Ma Xing-Yu, Lyu Hou-Yi, Hao Kuan-Rong, Zhu Zhen-Gang, Yan Qing-Bo, Su Gang
School of Physical Sciences, University of Chinese Academy of Sciences, Beijing 100049, China.
Center of Materials Science and Optoelectronics Engineering, College of Materials Science and Optoelectronic Technology, University of Chinese Academy of Sciences, Beijing 100049, China.
Nanoscale. 2021 Sep 17;13(35):14694-14704. doi: 10.1039/d1nr03886a.

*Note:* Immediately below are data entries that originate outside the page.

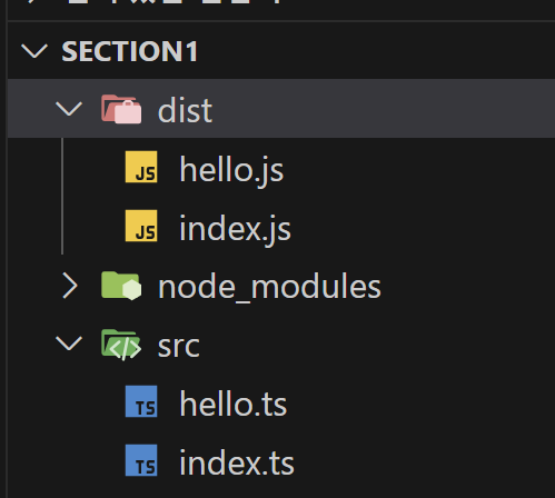 tsc 명령어를 치면 사진과 같이 dist 폴더 안에 JavaScript가 생성된 걸 볼 수 있다. (폴더도 같이 생성됨)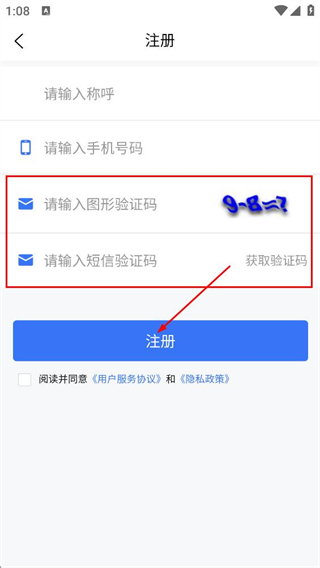 3、在注册页面,填写图形验证码,点击获取验证码后填写短信验证码,点击注册,完成账号注册。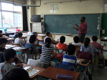 休み時間も子どもから声がかかるほど、人気がある先生です。
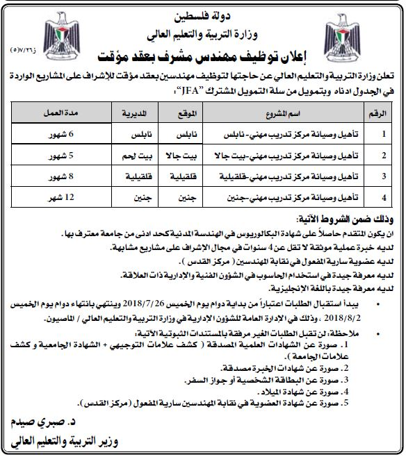وظائف شاغرة لحملة الجنسية الفلسطينية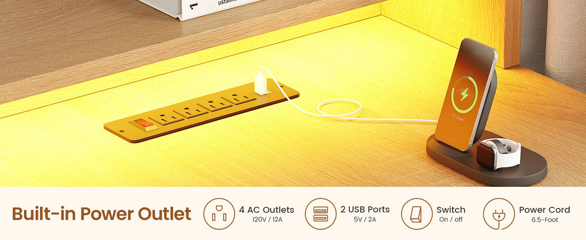 • Charging & LED Lighting: Built-in power strip (4 outlets, 2 USB), RGB LED with 60,000+ colors, 29 modes, music sync.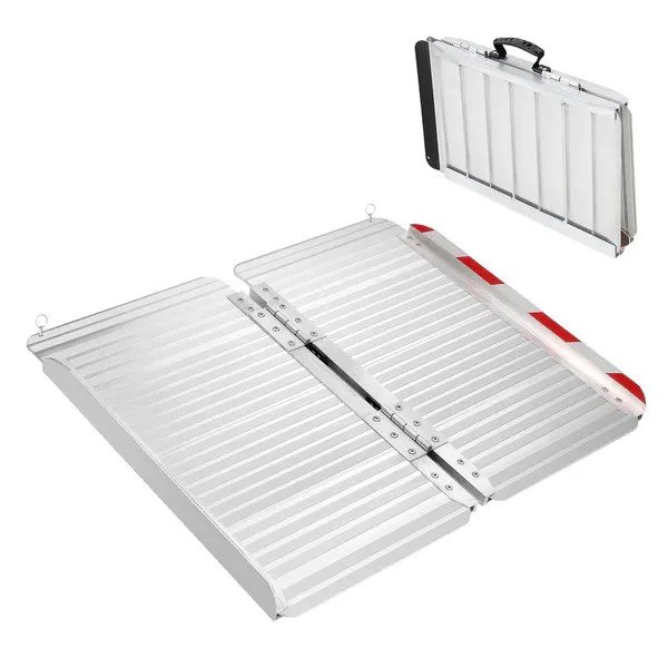 Dankzij de totale binnen breedte van 83,5 cm zijn deze lichtgewicht en extra brede oprijplaten ideaal voor de bredere rolstoelen en scootmobielen maar bieden de rolstoelgebruikers ook meer bewegingsvrijheid op de oprijplaat. De oprijplaat is eenvoudig in breedte opvouwbaar, is uitgerust met een handvat aan de zijkant en kan wanneer opgevouwen secuur vastgemaakt worden om te verzekeren dat de oprijplaat niet ongewild weer openvouwt. Dit maakt de oprijplaat makkelijk om mee te nemen.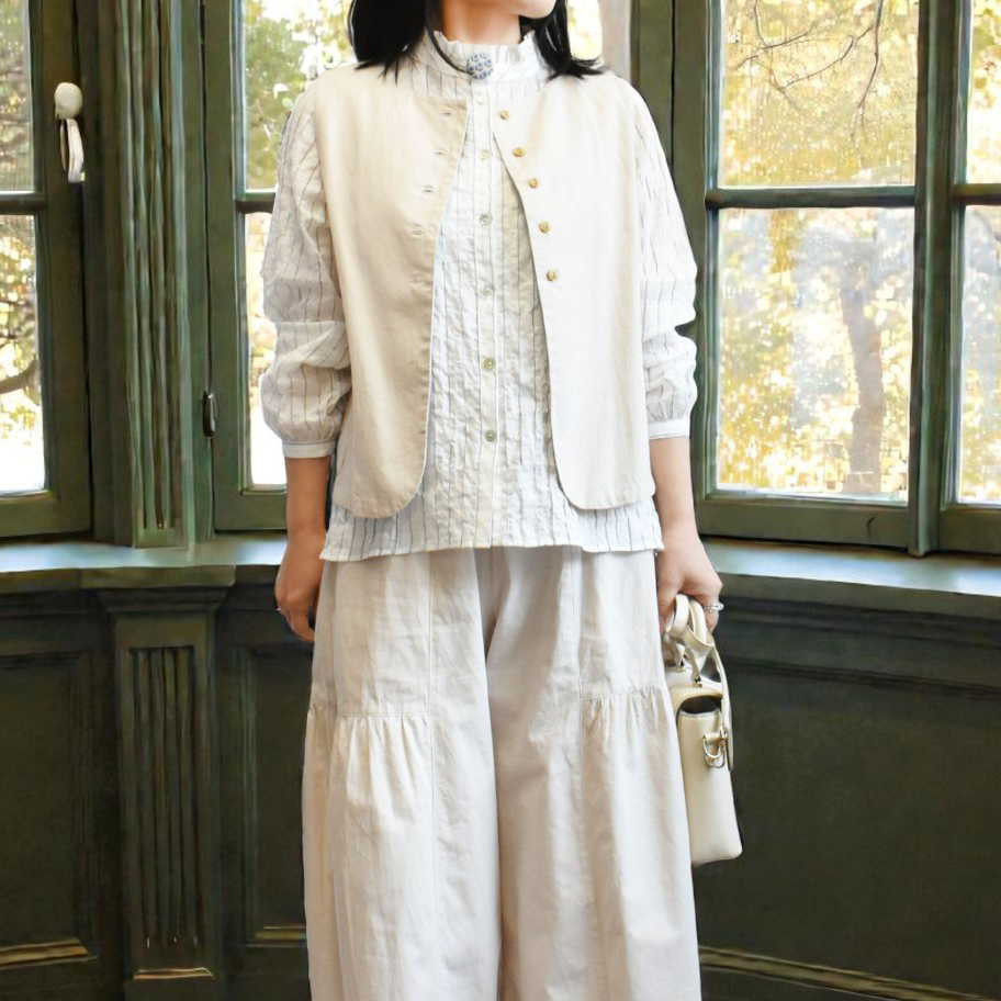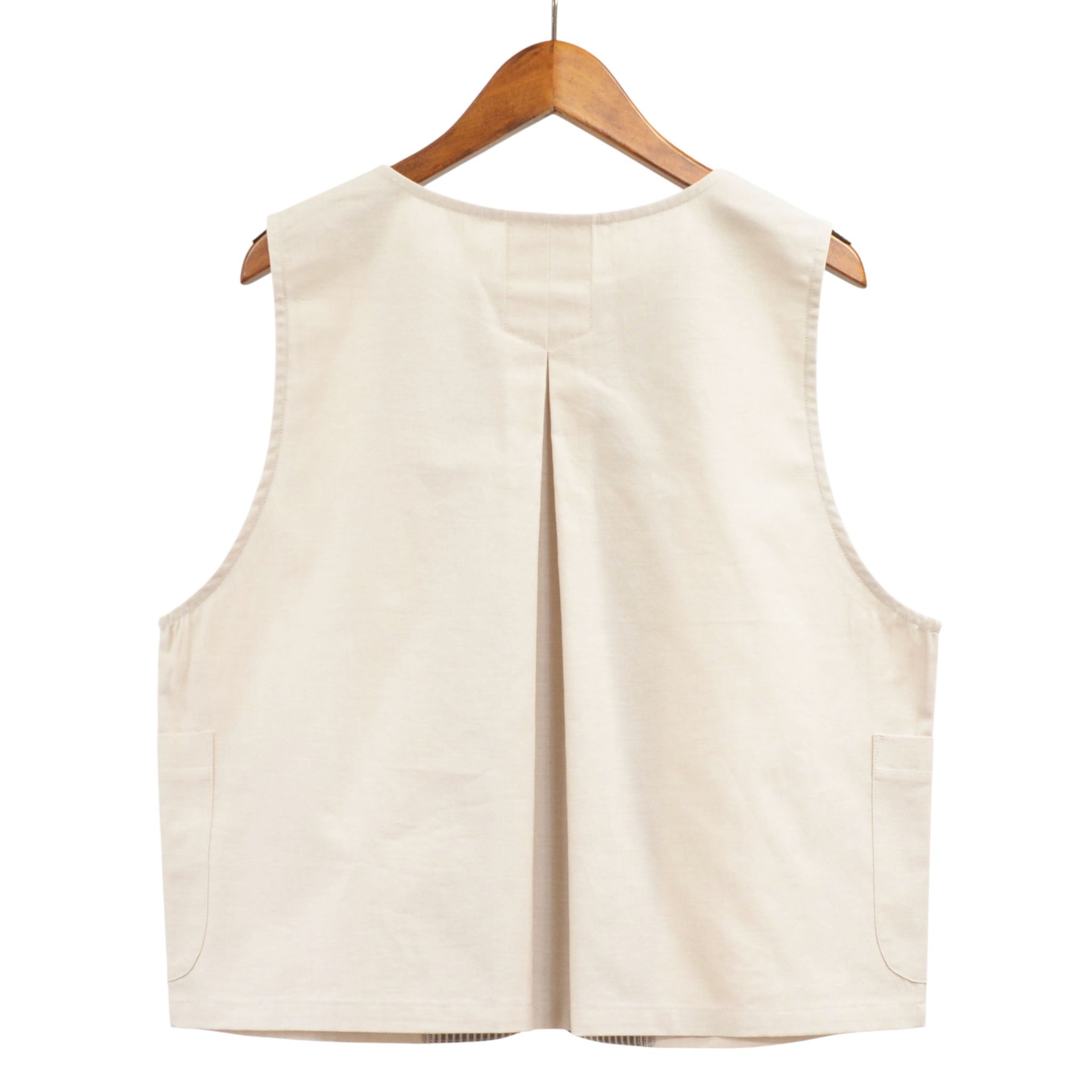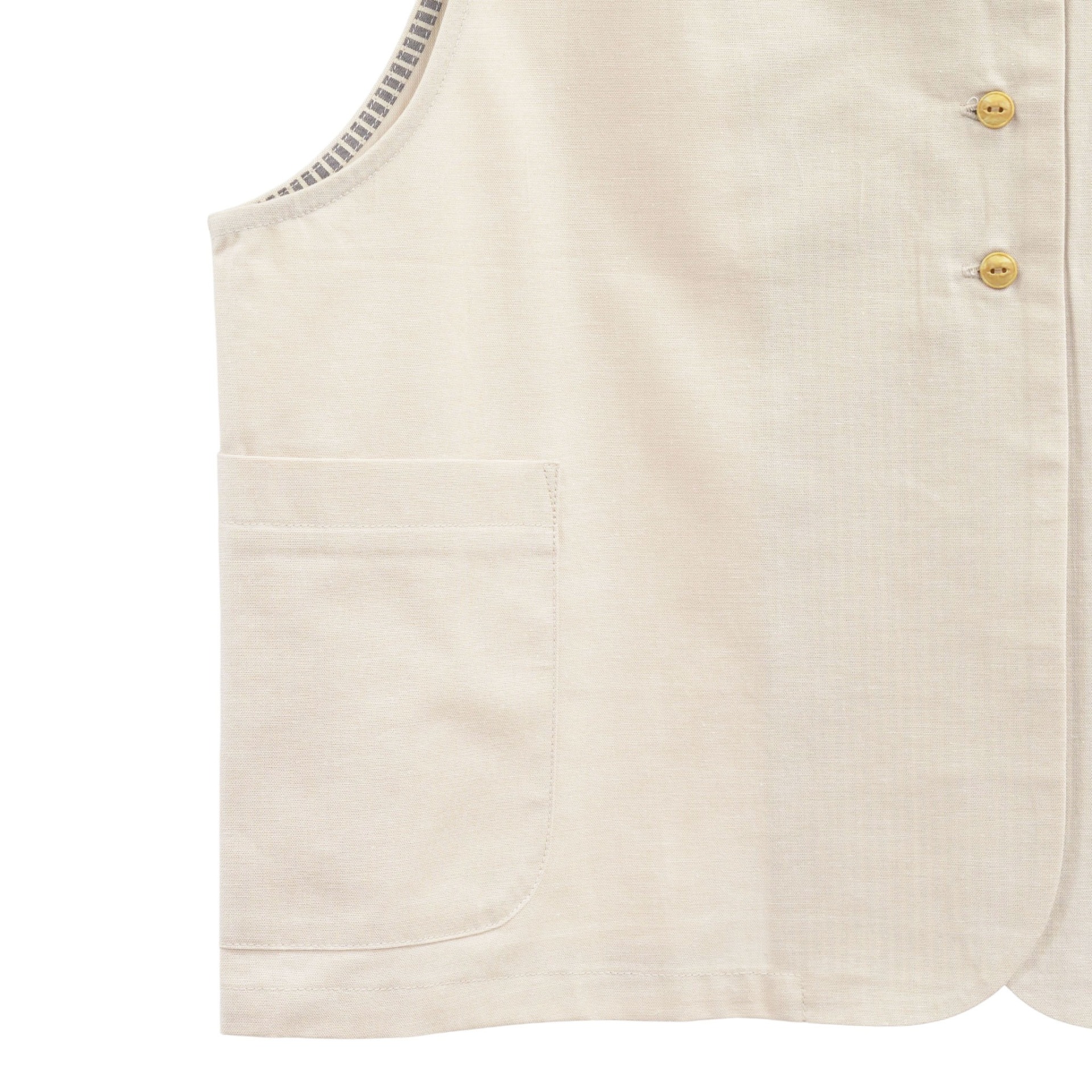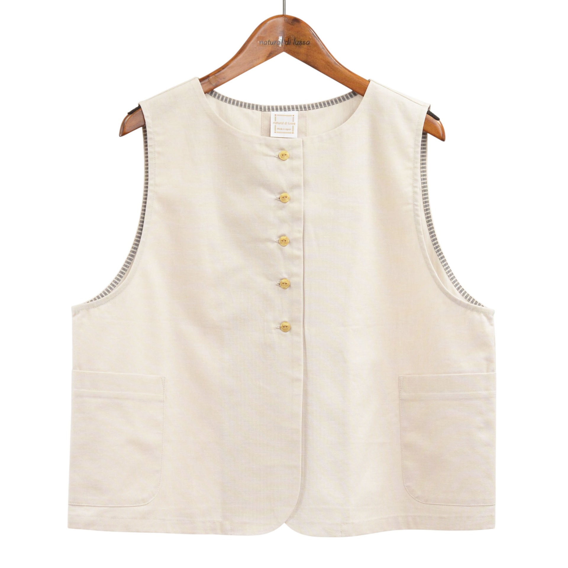 軽やかなダンガリー素材で仕立てた、ナチュラルな雰囲気の前開きベスト。

Beyond the conventional trial-and-error method, machine learning offers a great opportunity to accelerate the discovery of functional materials, but still often suffers from difficulties such as limited materials data and the unbalanced distribution of target properties. Here, we propose the Bayesian active learning method that combines active learning and high-throughput calculations to accelerate the prediction of desired functional materials with ultrahigh efficiency and accuracy. We apply it as an instance to a large family (3119) of two-dimensional hexagonal binary compounds with unbalanced materials properties, and accurately screen out the materials with maximal electric polarization and proper photovoltaic band gaps, respectively, whereas the computational costs are significantly reduced by only calculating a few tenths of the possible candidates in comparison with a random search. This approach shows the enormous advantages for the cases with unbalanced distribution of target properties. It can be readily applied to seek a broad range of advanced materials.
除了传统的试错方法外,机器学习为加速功能材料的发现提供了巨大机遇,但仍常常面临材料数据有限以及目标属性分布不均衡等困难。在此,我们提出了贝叶斯主动学习方法,该方法将主动学习与高通量计算相结合,以超高的效率和准确性加速所需功能材料的预测。我们将其作为一个实例应用于具有不均衡材料属性的二维六角形二元化合物的大家族(3119种),分别准确筛选出具有最大极化强度和合适光伏带隙的材料,而与随机搜索相比,通过仅计算可能候选材料的十分之几,计算成本显著降低。这种方法在目标属性分布不均衡的情况下显示出巨大优势。它可以很容易地应用于寻找广泛的先进材料。